[Source data]
____________________
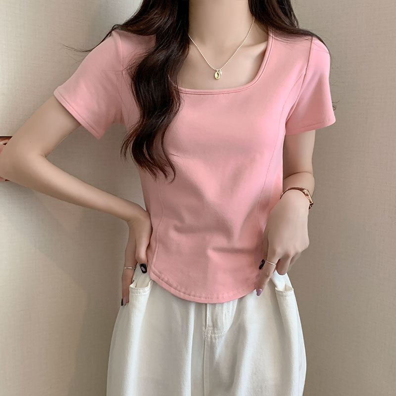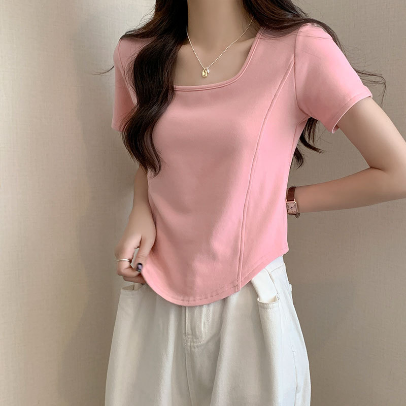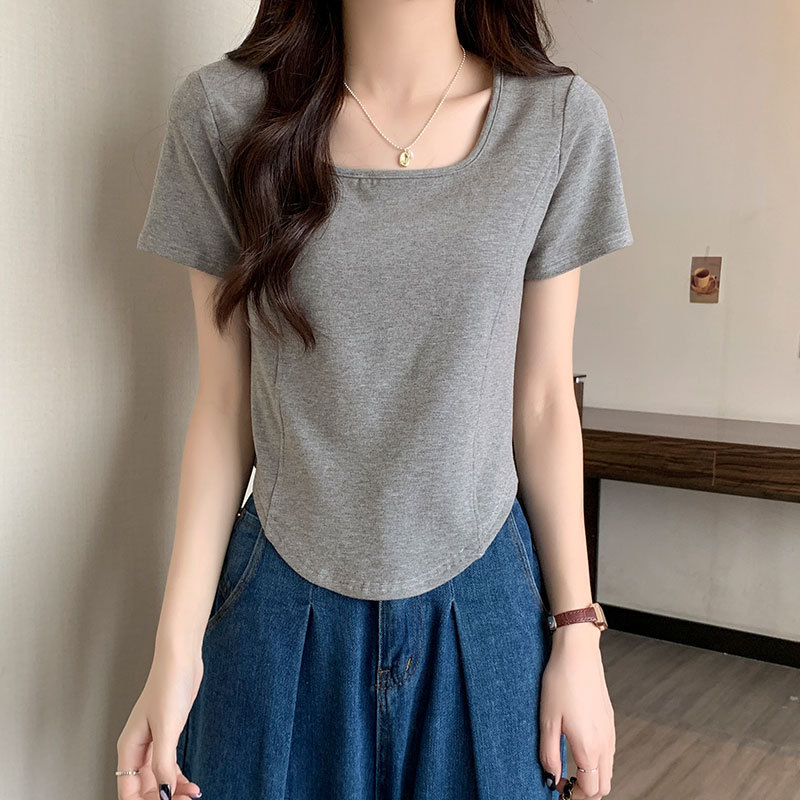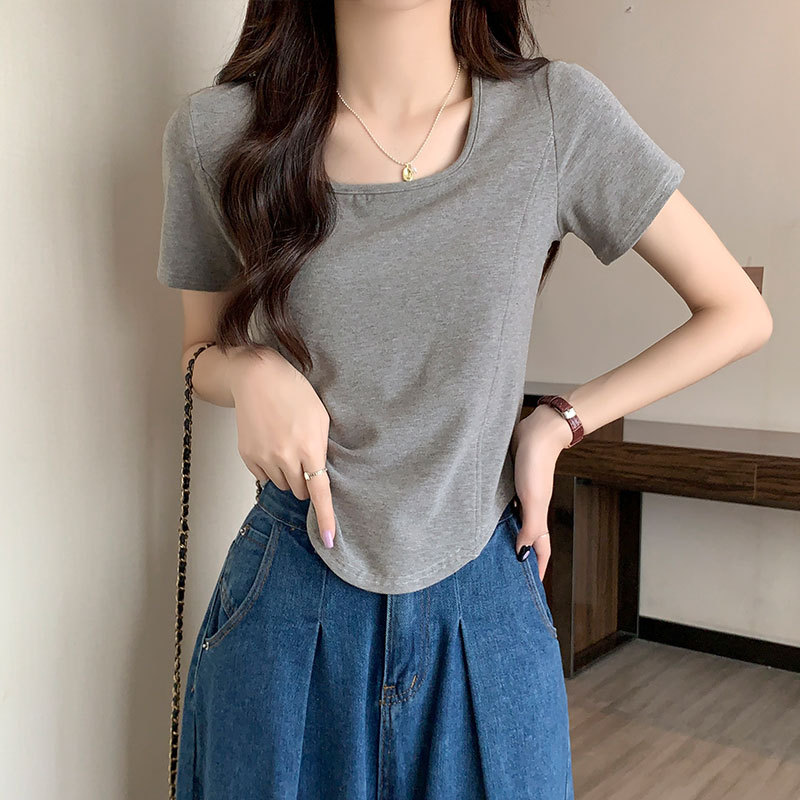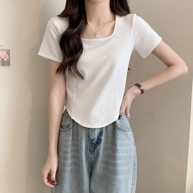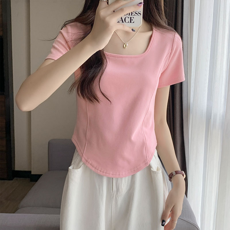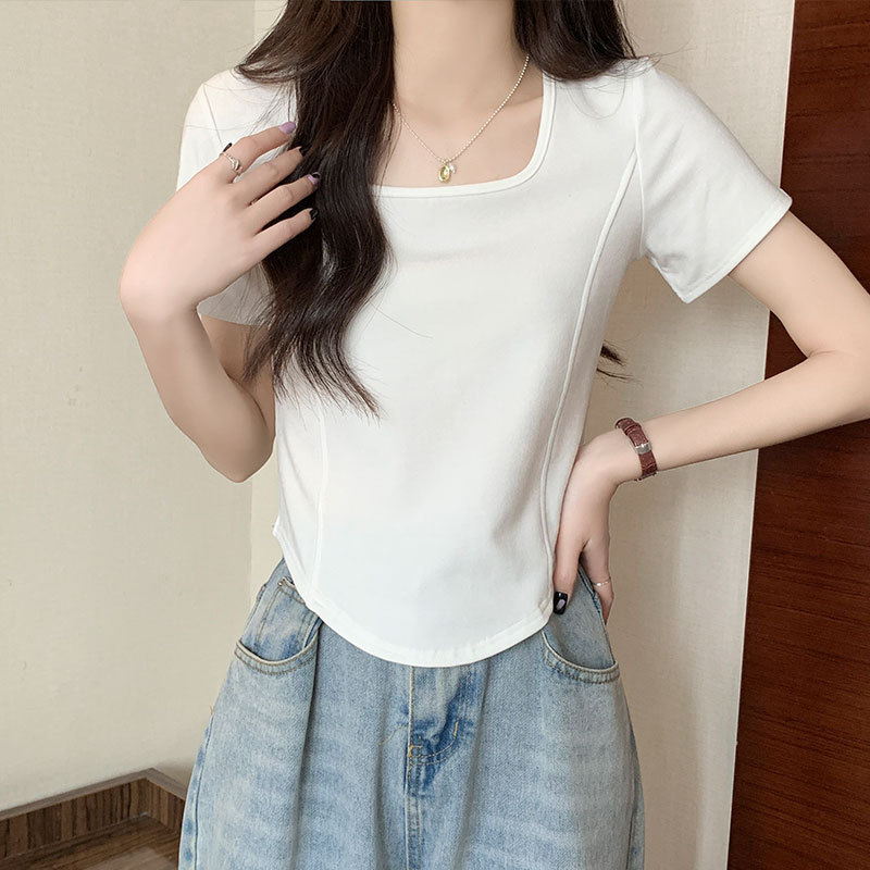 2025正肩方领短袖T恤女装纯色夏季新款上衣洋气减龄鱼骨短款小衫
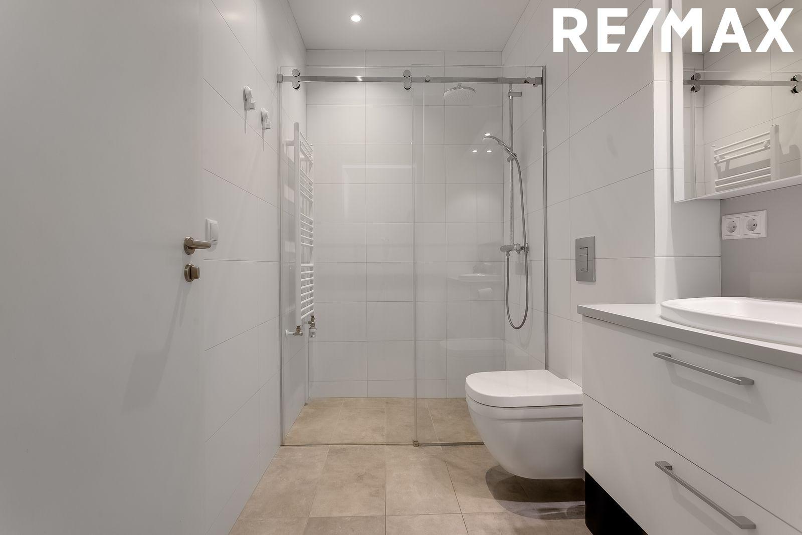 Baðherbergi er með skápaeiningu undir handlaug og veggfestum speglaskáp með ljósi. Þreplaus sturta með gleri, handklæðaofn og upphengt salerni. Ljósgráar gólfflísar og hvítar upp veggi. Inn af baðherbergi er þvottahús.
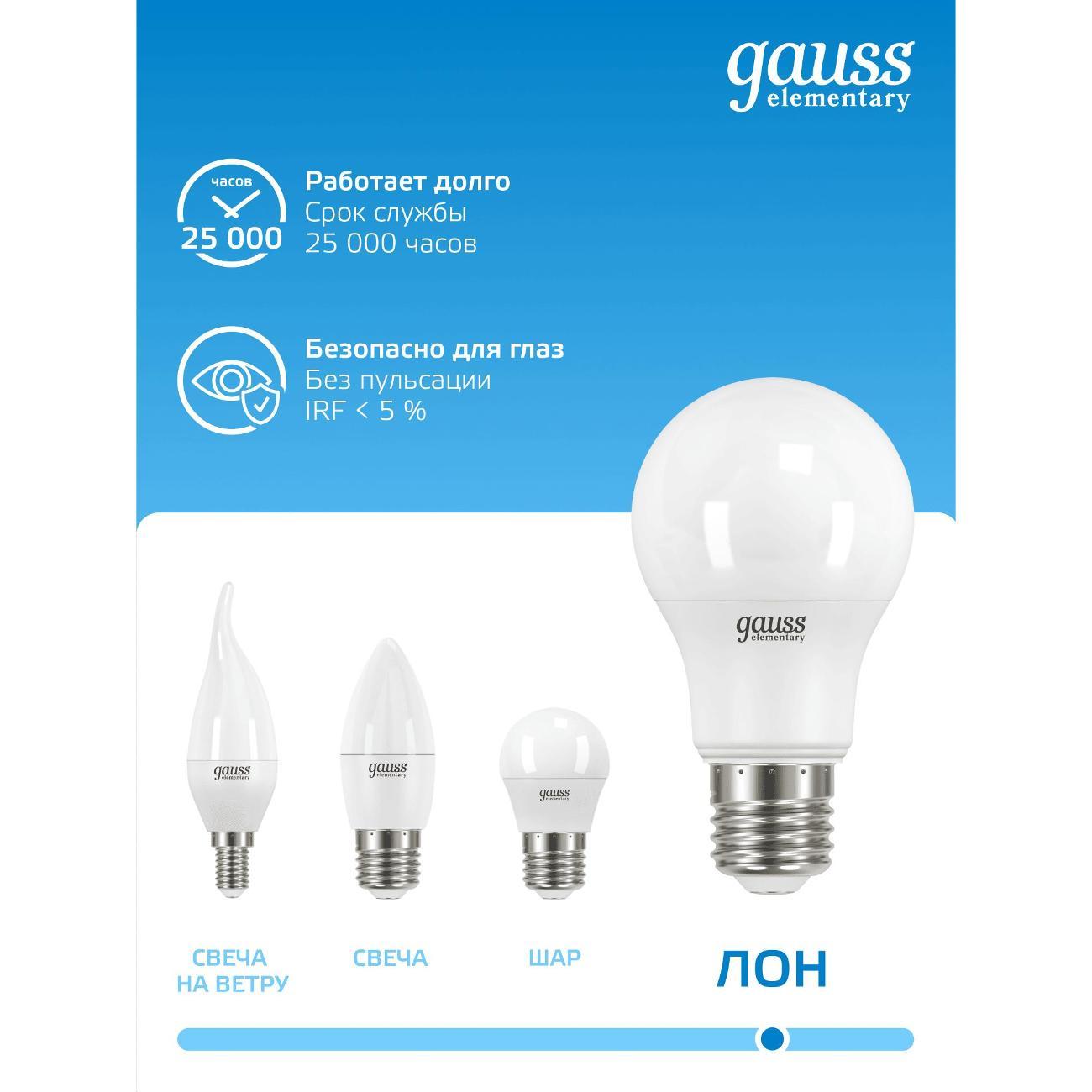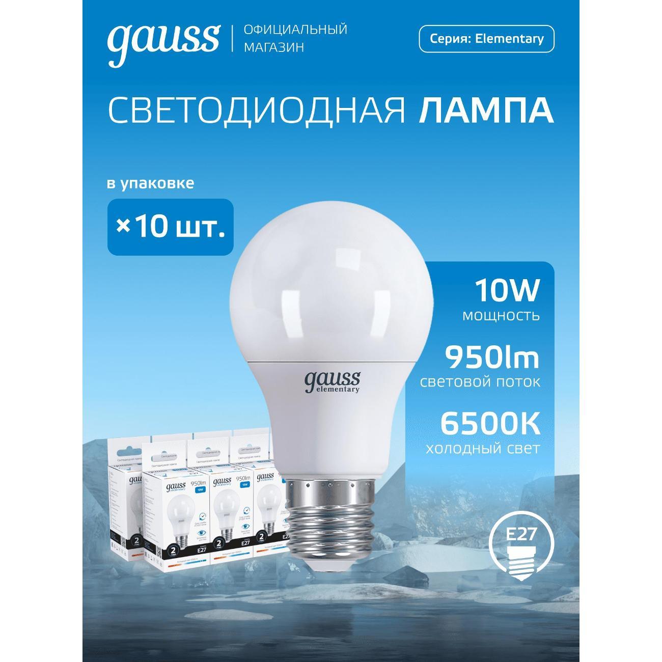 Вы можете купить Лампа Gauss Elementary A60 10W 950lm 6500K Е27 LED (10 шт.) в магазинах М.Видео по доступной цене. Лампа Gauss Elementary A60 10W 950lm 6500K Е27 LED (10 шт.): подробное описание, фото и отзывы реальных покупателей, характеристики, возможность скачать инструкции и подобрать аксессуары.
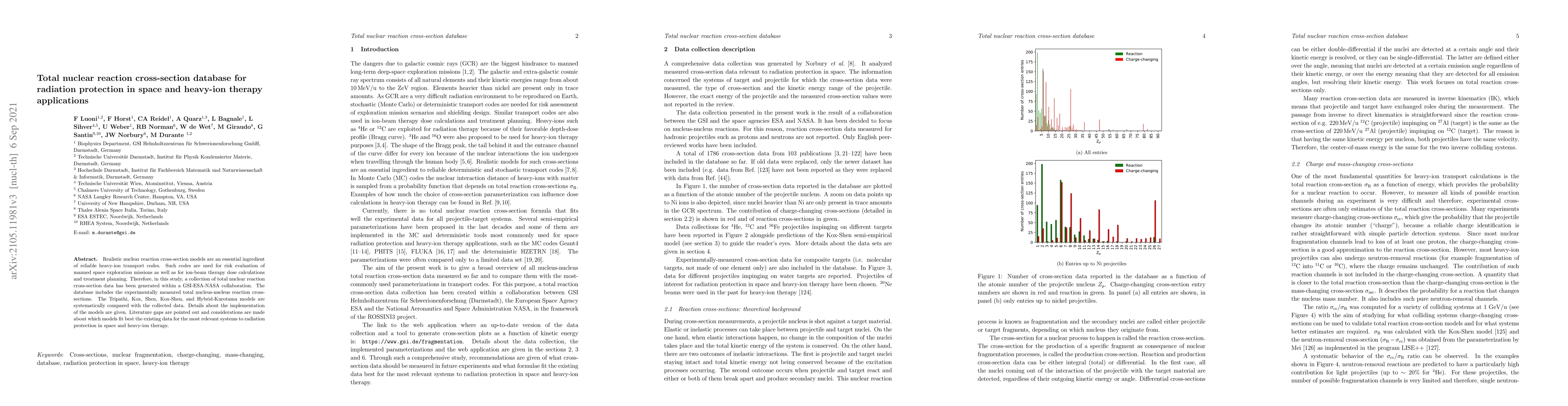 This study compiles a comprehensive database of total nuclear reaction cross-sections for radiation protection in space and heavy-ion therapy, generated through a GSI-ESA-NASA collaboration. It evaluates various models against the collected data to identify the best fit for reliable heavy-ion transport codes used in space exploration risk assessment and ion-beam therapy.
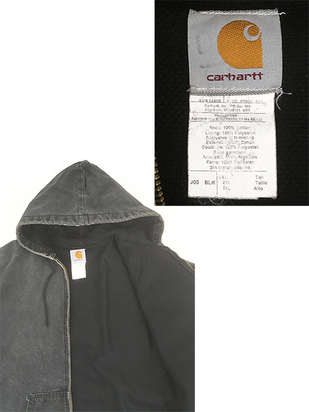 古着 00s USA製 Carhartt 裏地 メッシュ ブラック ダック アクティブ パーカー ジャケット 2XL
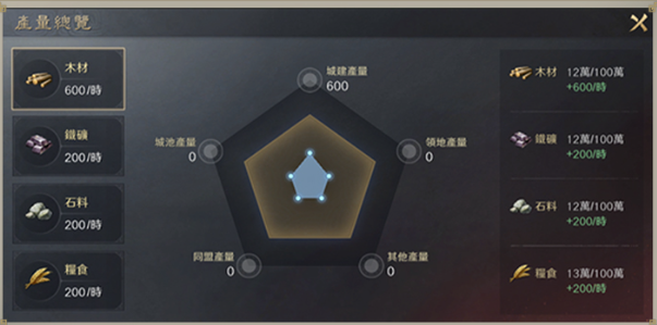 - 城內資源升級後每小時產量提高,是最不會背叛你的經濟來源。
____________________
#### [Assigned task]
Please output exactly the lines of the data above, from its first line through the line with "Baðherbergi er með", and nothing else; drop the pictures.

#### [Finished task]
 2025正肩方领短袖T恤女装纯色夏季新款上衣洋气减龄鱼骨短款小衫
 Baðherbergi er með skápaeiningu undir handlaug og veggfestum speglaskáp með ljósi. Þreplaus sturta með gleri, handklæðaofn og upphengt salerni. Ljósgráar gólfflísar og hvítar upp veggi. Inn af baðherbergi er þvottahús.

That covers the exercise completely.